Find the maximum and minimum radii vectors of section of the surface.
$(x^2+y^2+z^2)^2=a^2x^2+b^2y^2+c^2z^2$ by the plane $lx+my+nz=0$
I formed an expression $F=x^2+y^2+z^2 + \alpha((x^2+y^2+z^2)^2-a^2x^2+b^2y^2+c^2z^2) + \beta(lx+my+nz).$ I partially differentiated the expression wrt $x,y$ and $z$, and equated it to $0$ to obtain the stationary points. I obtained $\alpha=-\frac{1}{r^2}$, and $\beta=\frac{2a^2lx+2b^2my+2c^2nz}{-r^2(l^2+m^2+n^2)}$ where $r=\sqrt{(x^2+y^2+z^2)}$.
I also found $x=\frac{-\beta lr^2}{2(a^2-r^2)}, y=\frac{-\beta mr^2}{2(b^2-r^2)}$ and $z=\frac{-\beta nr^2}{2(c^2-r^2)}$. On substituting the value of $\beta$ the expression for $x,y$ and $z$ gets even more complex. I am not able to find $x,y$ and $z$ individually.
If anyone can help me with a solution for this by Lagrange's multiplier method, I would be really happy.
I expect we can solve this problem using its geometrical interpretation.
As the radius ($r(x,y,z)$) we’ll be understand a distance from a point $(x,y,z)$ ofm the section to the origin $(0,0,0)$. Then the minimum radius is zero, because the section contains the origin.

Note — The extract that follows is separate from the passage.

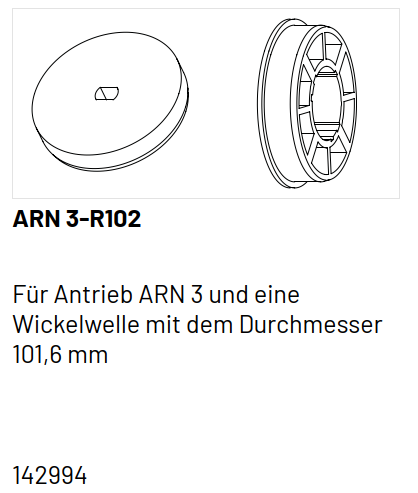 Marantec Adapter ARN 3-R102 (runde Wickelwelle,101,6mm) für Rohrmotorantriebe sind Einsteckantriebe für Rollgitter und Rolltore
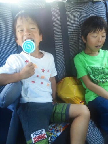 お盆の長い長い連休、いかがでしょうか?我が家は。お墓参りを済ませて、ホッとしてます。今日は夜、長男が熱っぽい?と一瞬ドキッとしましたが、すぐに熱っぽさは消えて(たぶん)眠いから体が熱くなったのかな?と思ってます。心配性なので、今夜は少し気になってしまうかと…お風呂の前だったので、念のためお風呂はパスさせて。スイカが食べたいと言ってたのですが、その前にかき氷を食べてたのでダメ。て言うと…涙。仕方なく、スイカを食べていいと言って、カットされてるスイカだったのですが一切れだけ…と約束したんだけど、いざ、一切れ食べ終えて、また涙。どうやら、一切れでは物足りなく、もう少し食べたいということみたいで。主人に、戦いごっこを申込み、ダメって言われて涙。とにかく。涙が多い長男です。こんなに泣く?って思うくらいですが、親にはどうにもできない!涙腺の管理まではね。学校では泣かないようですが、家だと少しのことで涙が出ます。感受性豊かって表現もあるんでしょうけど。私としては、もう少し強くなってもらいたいものです。次男は、長男よりは涙は出ませんが、いかにも弟て感じです。引っ越してきた当初は、近所の子と遊んでて、自分の思い通りに行かないと、ふてくされて(もちろん涙目で)帰ってきてハァァ?って状態でした。今は、それはなくなりました。子供同士、納得のいかないこともあるだろうし学年が1つでも上だと、それだけで弱い部分も出ちゃう。泣いて帰ってくる(べそをかく)はなくなりました。成長成長。あとは、自分の思いが家で通じなくても、泣かないようになってほしい。泣かない代わりに、握り拳を作りまくって、怒りに震えることもあります。どちらにしても、やめてほしい。普段クールだし、真面目なのに。変なところで幼稚です。次男はね。お調子者。 チュッパチャップスとか、ペコちゃん?のキャンディとか大好きで…あっという間に食べるんですが。今回、こんな大きいペロペロキャンディを買わされました。絶対食べれないよ!って言ったにもかかわらず…大丈夫、って聞かないから、100円だし、買ってあげたのですが。もちろん、ほぼこの形のままで残されてしまいました。甘いしね。こんなの食べきるほうが怖いんです。彼は、分かったことでしょう。…この飴は食べたらダメだって。母の忠告は一切聞き入れない息子たちです。↑男の子は、経験しないと意味が分からないそうなので、忠告は無視されます。危ないよ!ダメよ…は実体験をしない限り、聞き入れてもらえません。悲しい生き物です、男の子。連休は始まったばかり。どうか、子供たちが体調を崩さず、元気に連休を過ごせたらいいのですが。まずは、長男の熱ですね。気のせいだと祈りたい★

To find the maximum radius we’ll proceed as follows. The left hand side of the surface equation is $r^4$. With this value fixed the right hand side of the equality is an equation of an ellipsoid (provided all $a,b,c$ are non-zero). Its intersection with the plane given by the equation $lx+my+nz=0$ is an ellipse (this intersection should be an ellipse even if one of $a,b,c$ is zero and I’ll skip the remaining degenerate cases). Now the equality between the left hand side and the right hand side of the equation describes the intersection of the ellipse with the circle of radius $r^2$ centered at the origin. Since when $r$ tends to the infinity, the left hand side describes the family of circles homothetic with the coefficient $r^2$ and the center at the origin, whereas the right hand describes the family of ellipses homothetic with the coefficient $r$ and the same center, eventually the intersection will be empty, and the maximum $r$ for which it is non-empty is attained when the endpoints of the big axis of the ellipse are exactly at the distance $r^2$ from the origin. This is a geometric condition for the maximum radius of the section, which should be converted to an analytical one.
Your are too hasty. I have problems at which I am stuck from the former millennium. :-)